Full Year 2017 Financial Results
- Cash Position: As of December 31, 2017, Ardelyx had total capital resources comprising cash, cash equivalents and short-term investments of $134.0 million compared to total capital resources comprising cash, cash equivalents and short-term investments of $200.8 million as of December 31, 2016.
- Revenue: Licensing revenue for the year ended December 31, 2017 was $42.0 million, related to the recognition of revenue from upfront license payments under Ardelyx's agreements with KHK and Fosun Pharma. The company generated no license revenue for the year ended December 31, 2016.
- Cost of Revenue: Cost of revenue for the year ended December 31, 2017 was $8.4 million, representing license payments due to AstraZeneca in accordance with the company's termination agreement entered into with AstraZeneca in June 2015. The company generated no revenue for the year ended December 31, 2016 and therefore had no cost of revenue.
- R&D Expenses: Research and development expenses were $75.5 million for the year ended December 31, 2017, a decrease of $18.7 million, or 20 percent, compared to $94.2 million for the year ended December 31, 2016. The decrease consisted of a net $23.8 million decrease in external program costs, primarily due to a decrease in expenses incurred for clinical development activities related to the completion of some of the company's Phase 3 clinical trials for tenapanor. This was offset by an increase of $5.1 million in internal program costs, primarily due to salaries and related costs, including stock-based compensation, facilities-related costs, principally related to supporting the growth of our development team and severance costs relating to a reduction in the workforce in the third quarter 2017.

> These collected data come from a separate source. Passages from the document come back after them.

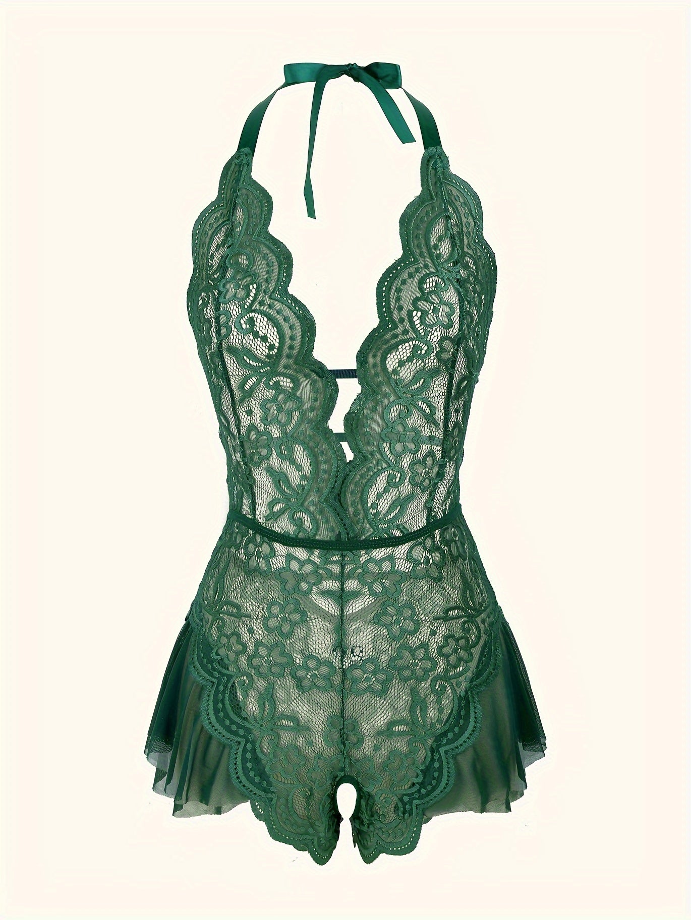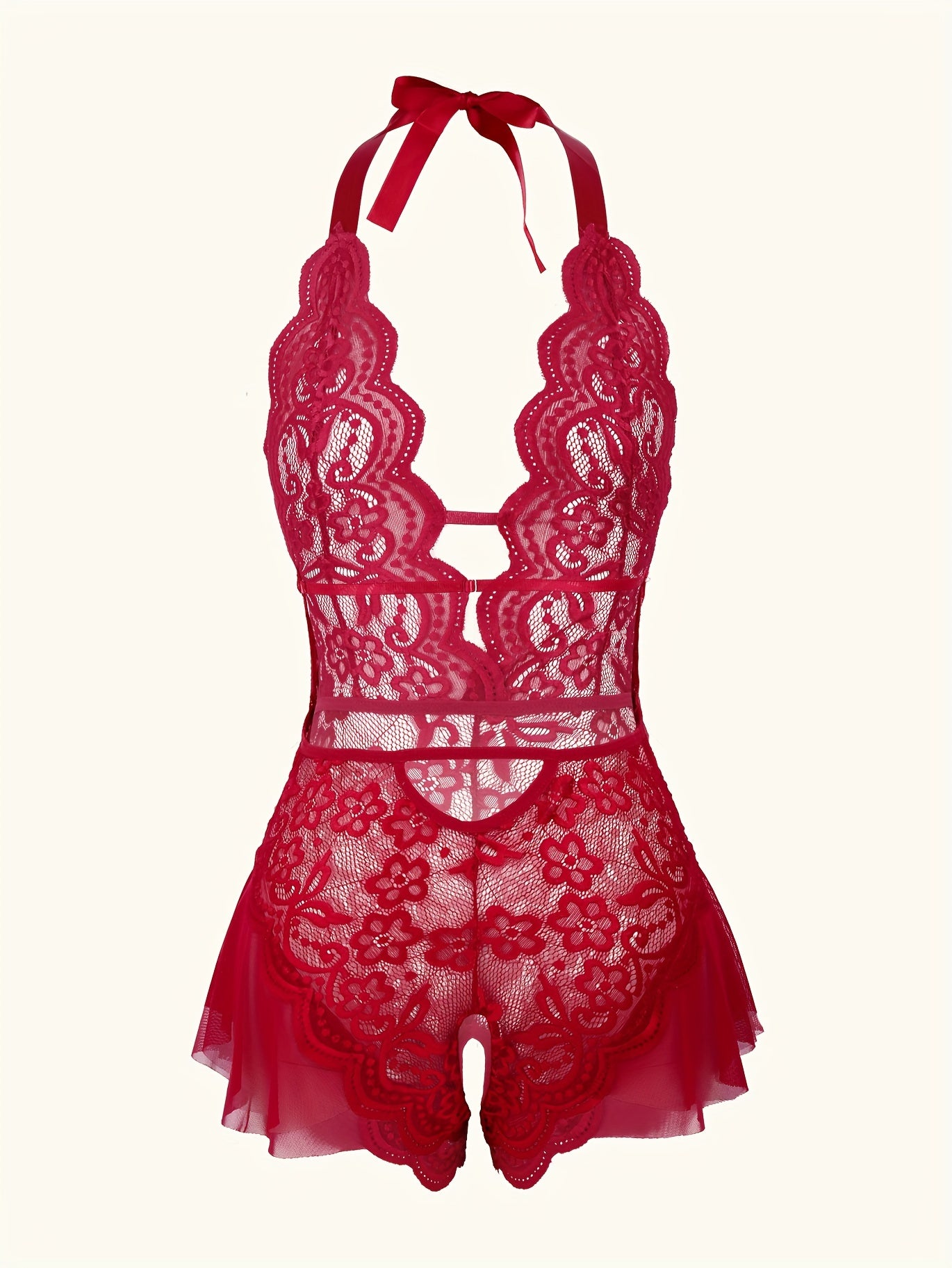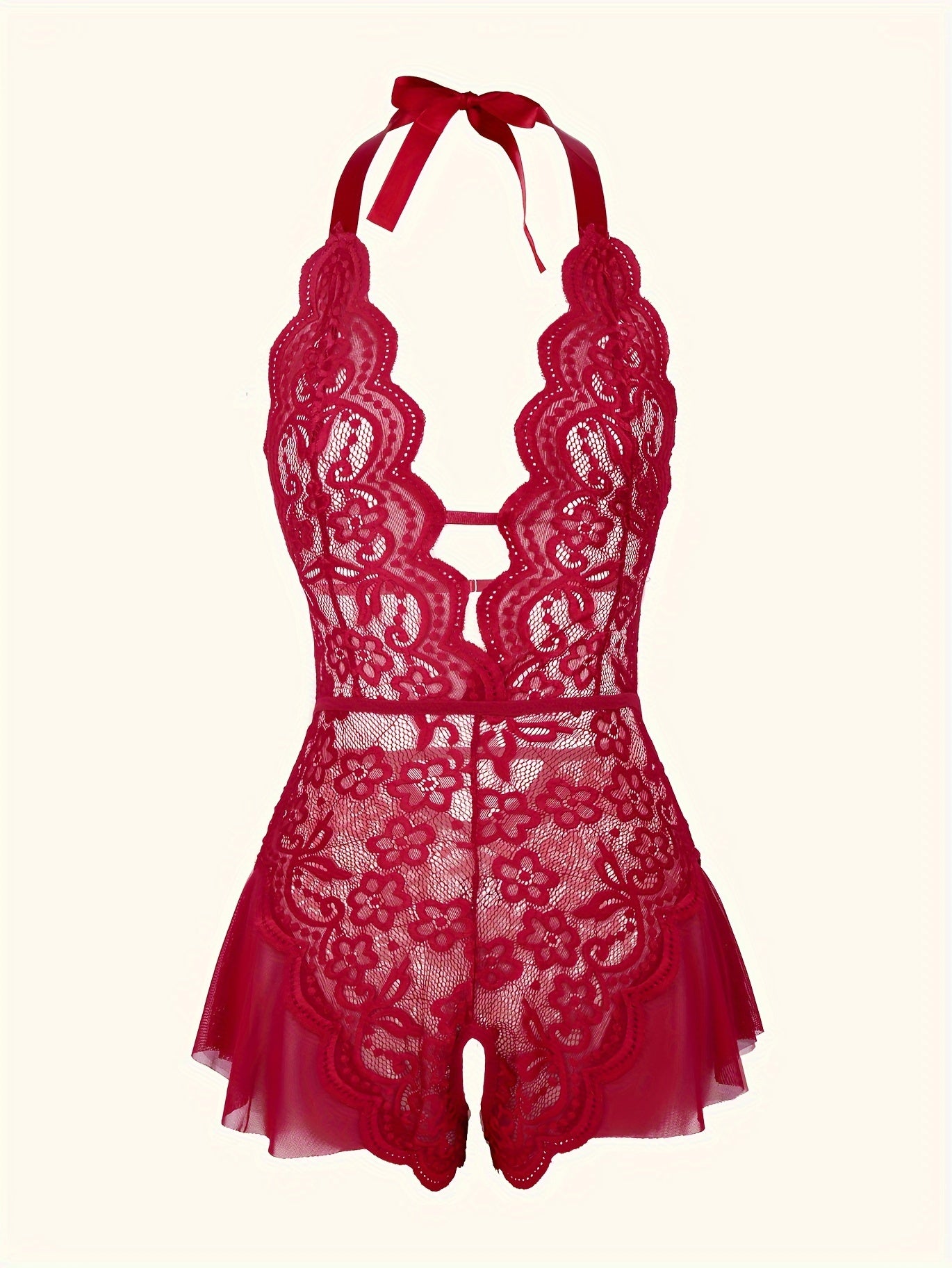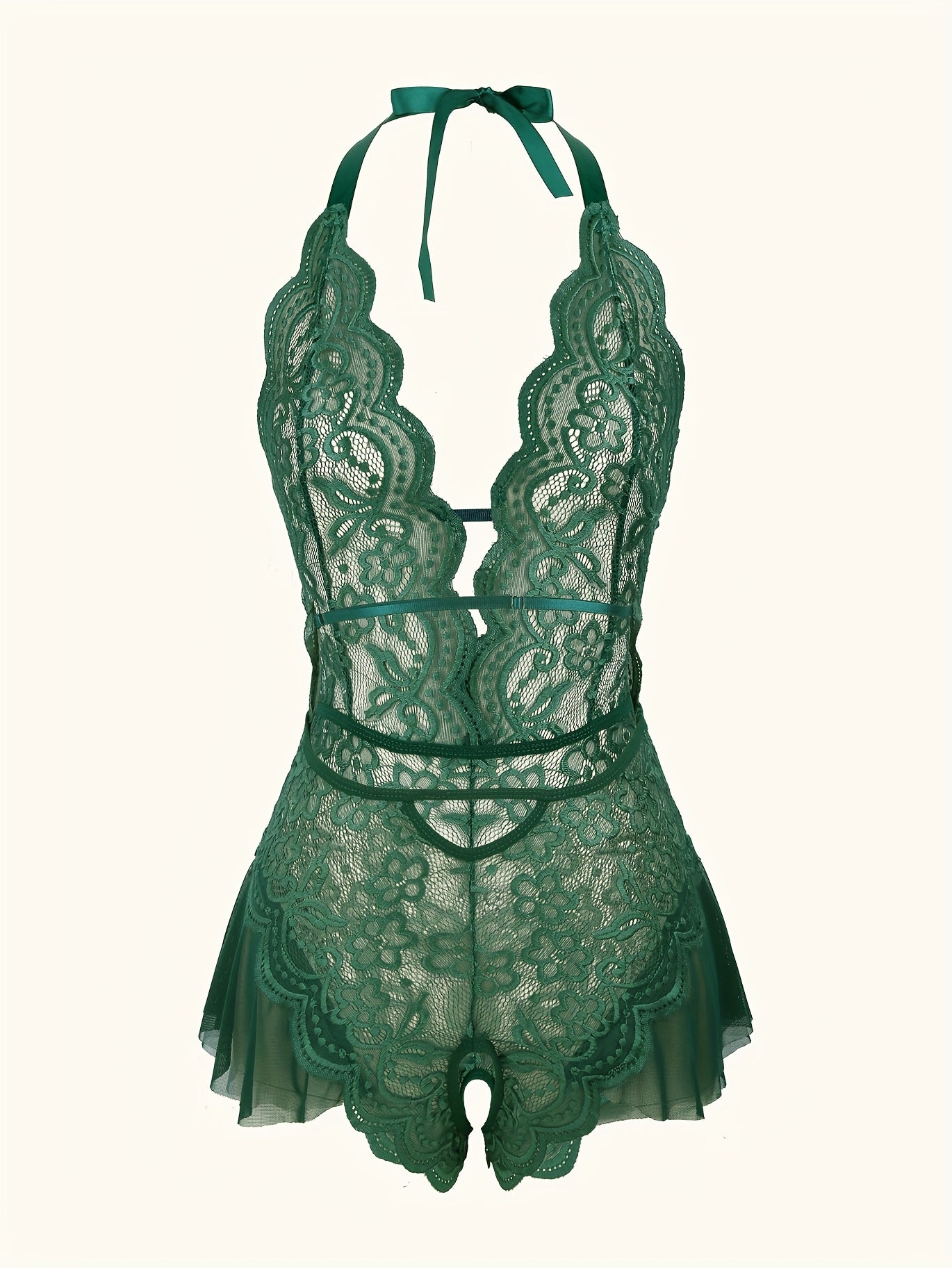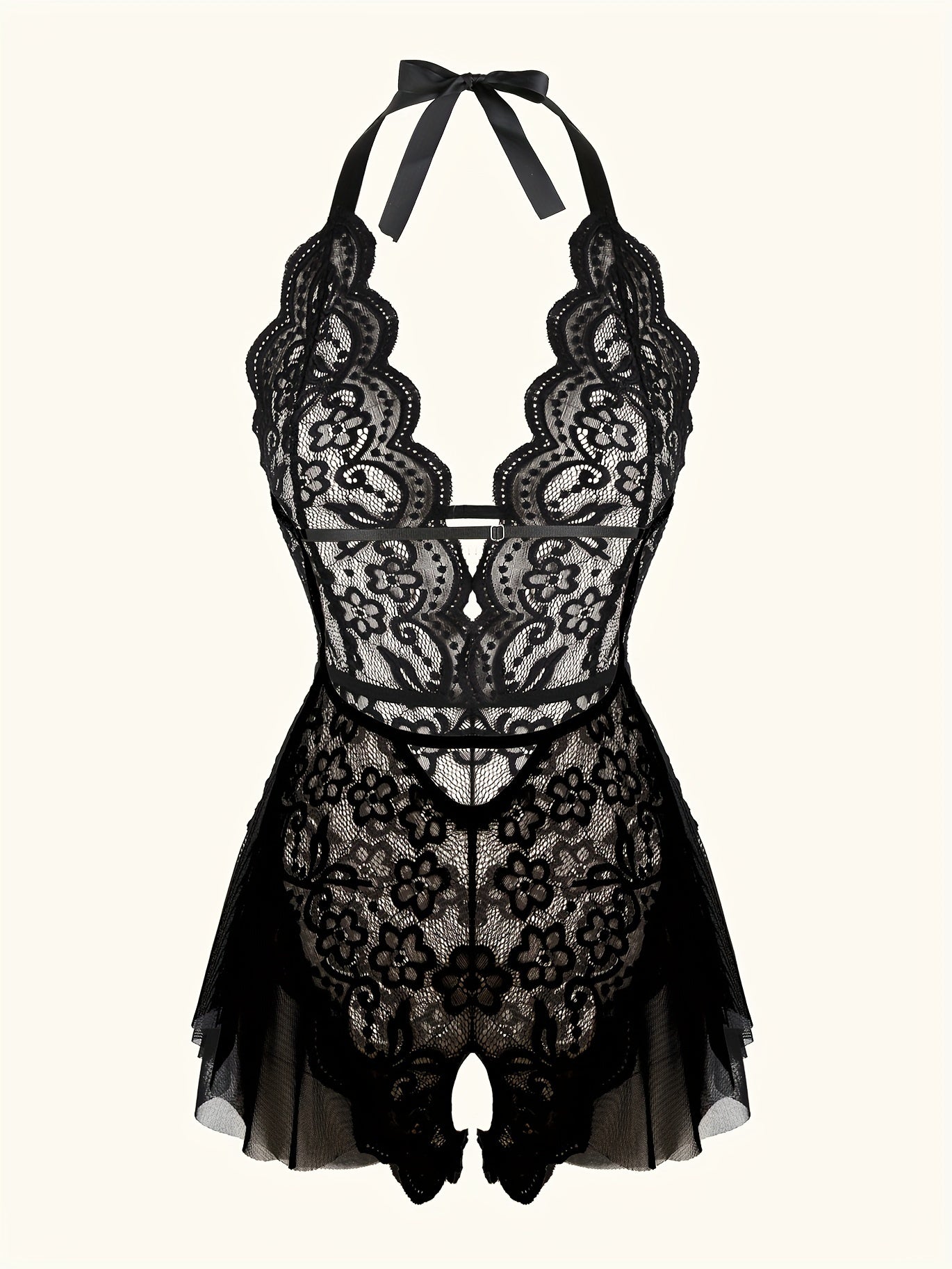 استمتع بارتداء تيدي لميز الجذاب مع حواف من الكروشيه. مصمم بعمق على شكل حرف V مع فتحات في الفخذين، هذا اللباس يعد خيارًا مثاليًا لأمسية خاصة.
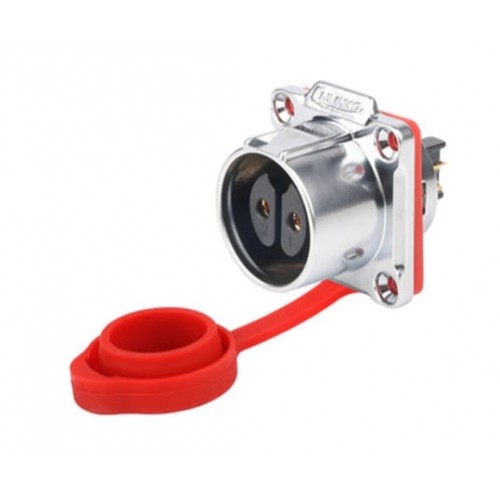 Герметичний роз'єм живлення серії LP - LP-24-J02SX-03-401 - 2-х контактна герметична панельна розетка серії LP з прямим виводом під кабель 14-12 AWG. Вилка має прохідний діаметр - 24 мм, з'єднує ланцюг до 25 А і напругою до 500 В.
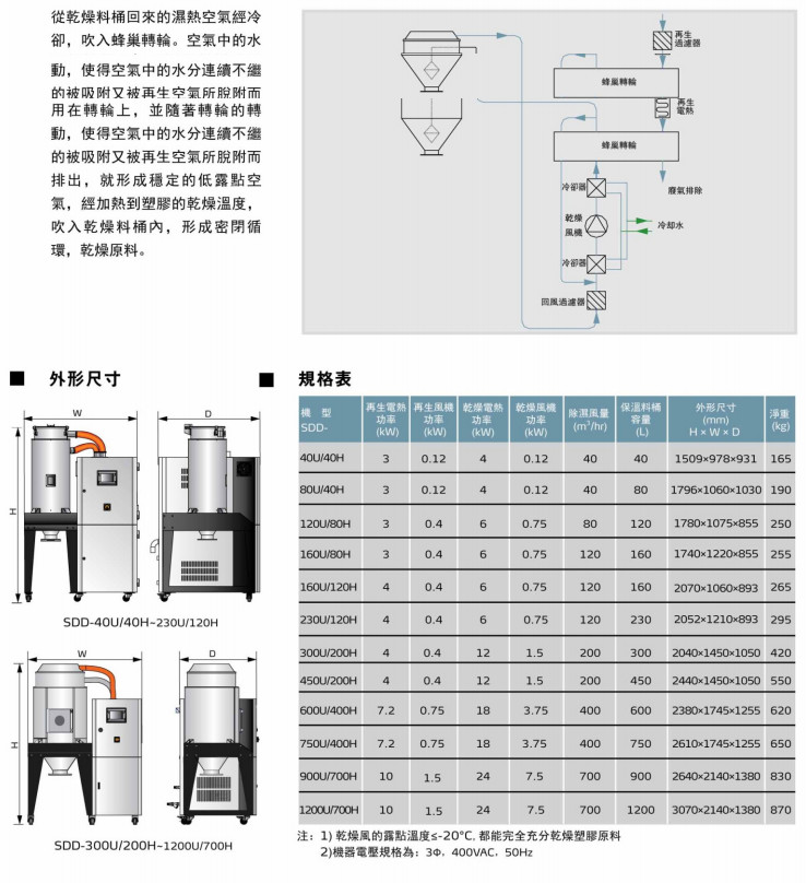 SDD-40U/40H,SDD-80U/40H,SDD-120U/80H,SDD-160U/80H,SDD-160U/120H,歐化除濕干燥機送料組合
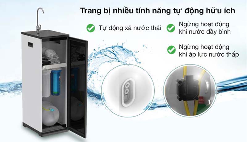 | Đặc điểm khác | - Tự động ngừng khi áp lực nước đầu vào quá thấp - Tự động ngắt khi nước đầy bình |

- G&A Expenses: General and administrative expenses were $23.2 million for the year ended December 31, 2017, an increase of $4.5 million, or 24 percent, compared to $18.7 million for the year ended December 31, 2016. The increase was primarily due to increases in salaries and related costs, including stock-based compensation and facilities costs including depreciation expense, due to an increase in headcount and expansion of facilities in late 2016, increased legal fees, and severance costs due to the refocusing of resources towards late-stage programs and subsequent reduction in the workforce in the third quarter of 2017, offset by reductions in certain professional services.
- Net Loss: Net loss for the year ended December 31, 2017, was $64.3 million compared to a net loss of $112.4 million for the year ended December 31, 2016.